再発予防には、まず熱いお風呂・サウナなどの高温の場所を避けましょう。
(MSは高温に弱く、高温になると症状が進行するとも言われています。)また、
運動や仕事などによる疲労も避けましょう。
  
再発予防に薬剤を使用しますが、注射薬・内服薬・点滴薬があります。
注射薬は3種類あり、毎日もしくは2日に1回皮下注射するもの、週に1回筋肉
注射するものがあります。
  
内服薬は、毎日1錠長期間服用します。
これは、インターフェロンの約2倍の効果があるとされています。
点滴薬は、月に1回、1時間程点滴投与します。
現在、最も強力に再発・進行を抑える治療薬とされています。

症状の緩和

MSの経過には個人差があります。
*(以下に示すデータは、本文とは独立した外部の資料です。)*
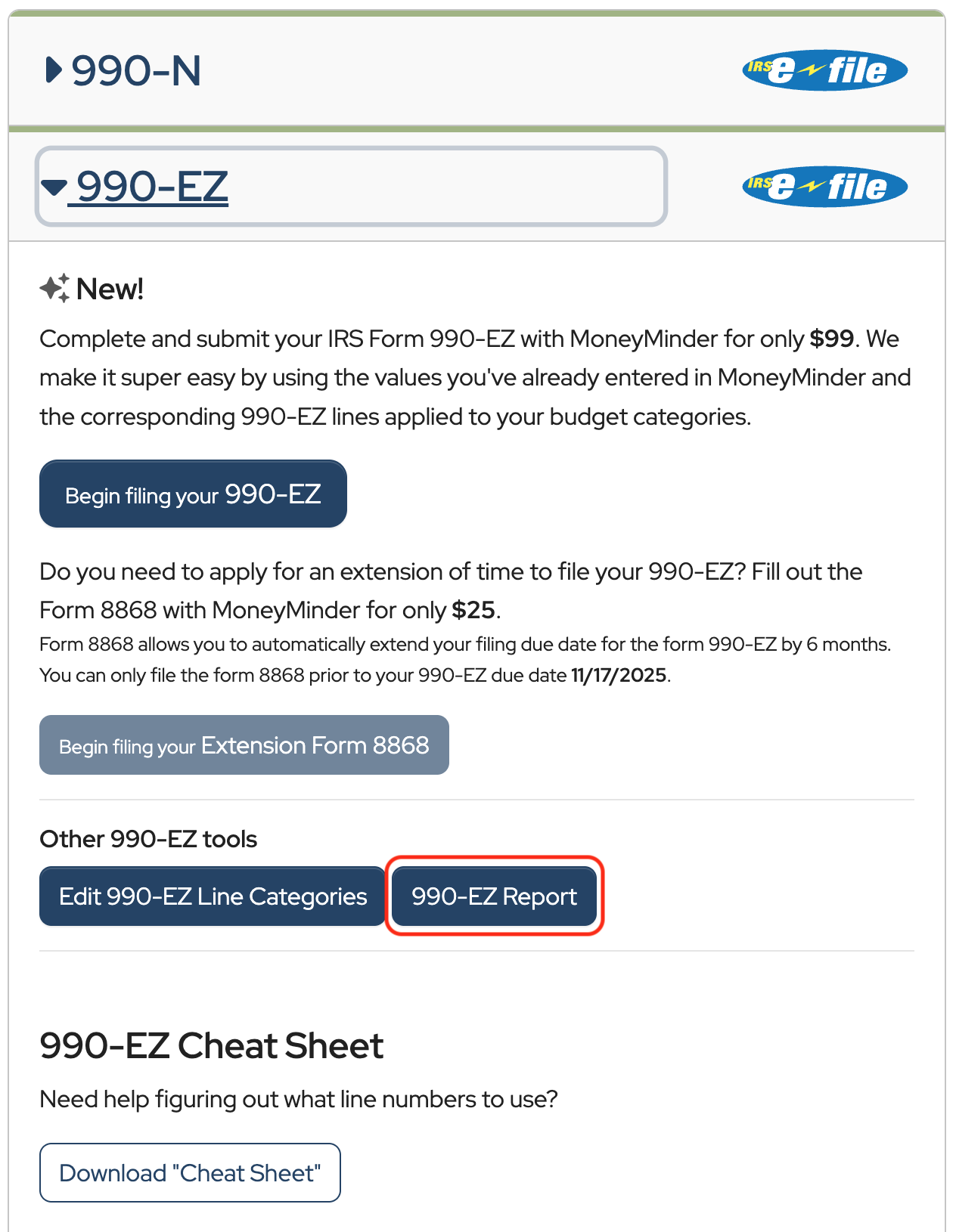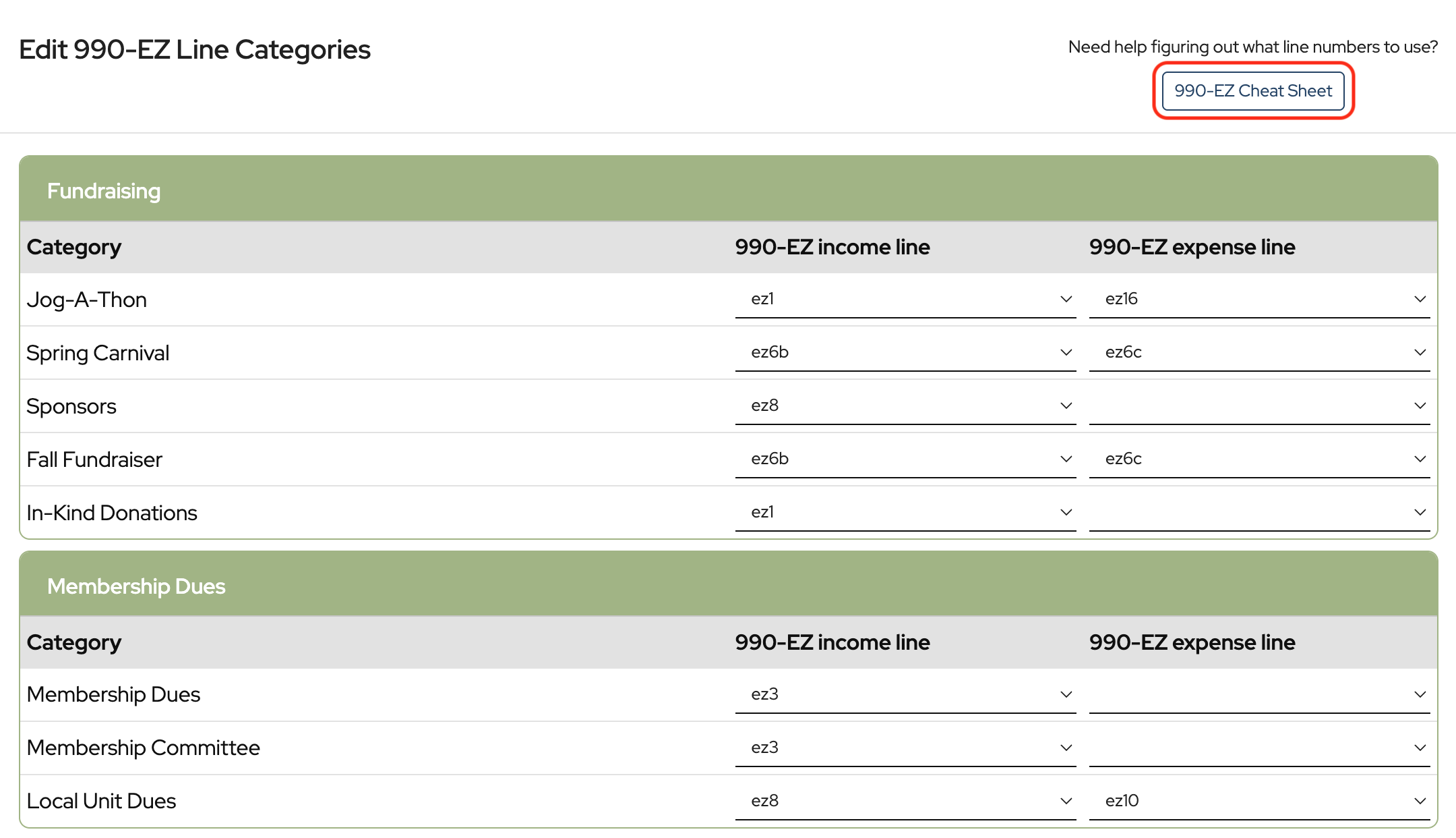 For help figuring out what line number a budget category falls into, download the 990-EZ Cheat Sheet.

治療後でも、手足の痛み・しびれ・突っ張り、
疲労、排尿障害などの症状が残ることがあります。
これらの症状の多くは、薬で軽減できるため、我慢せずに主治医に相談しましょう。
  
ろれつが回らない、まっすぐ歩けないなどの後遺症が残った場合は、
リハビリテーションの開始が望まれます。
日常生活動作を訓練する「理学療法」、手足・指の動きを改善する「作業療法」、発声練習などの「言語療法」などがあります。

最後に多発性硬化症とどう向かい合っていくべきか?

これまで、多発性硬化症について様々なことを記しましたが、
どのような印象をもたれましたか?

「大変そう」「生活していけるの?」
などかなり重症というイメージがあると思います。
しかし、症状や後遺症については本当に様々です。

かなり重い後遺症が残り、日常生活も手助けが必要になってしまう方もおられます。
ですが、私の知人は、この多発性硬化症に悩まされていますが、私と一緒に仕事をしています。

彼女はとても明るく、とても前向きな方です。
多発性硬化症になったら人生終わりというわけではありません。
今では様々な薬や治療法が開発されている為、医師と相談し、自分が生活しやすいよう、
薬やリハビリテーションを上手く使っていくと良いと思います。
 
みなさんも、この多発性硬化症の方がいらしたら、偏見の目で見るのではなく、
必要であれば手を差し伸べ、自立している方であれば、
健常者と同じ目線で接してくださればとかんがえています。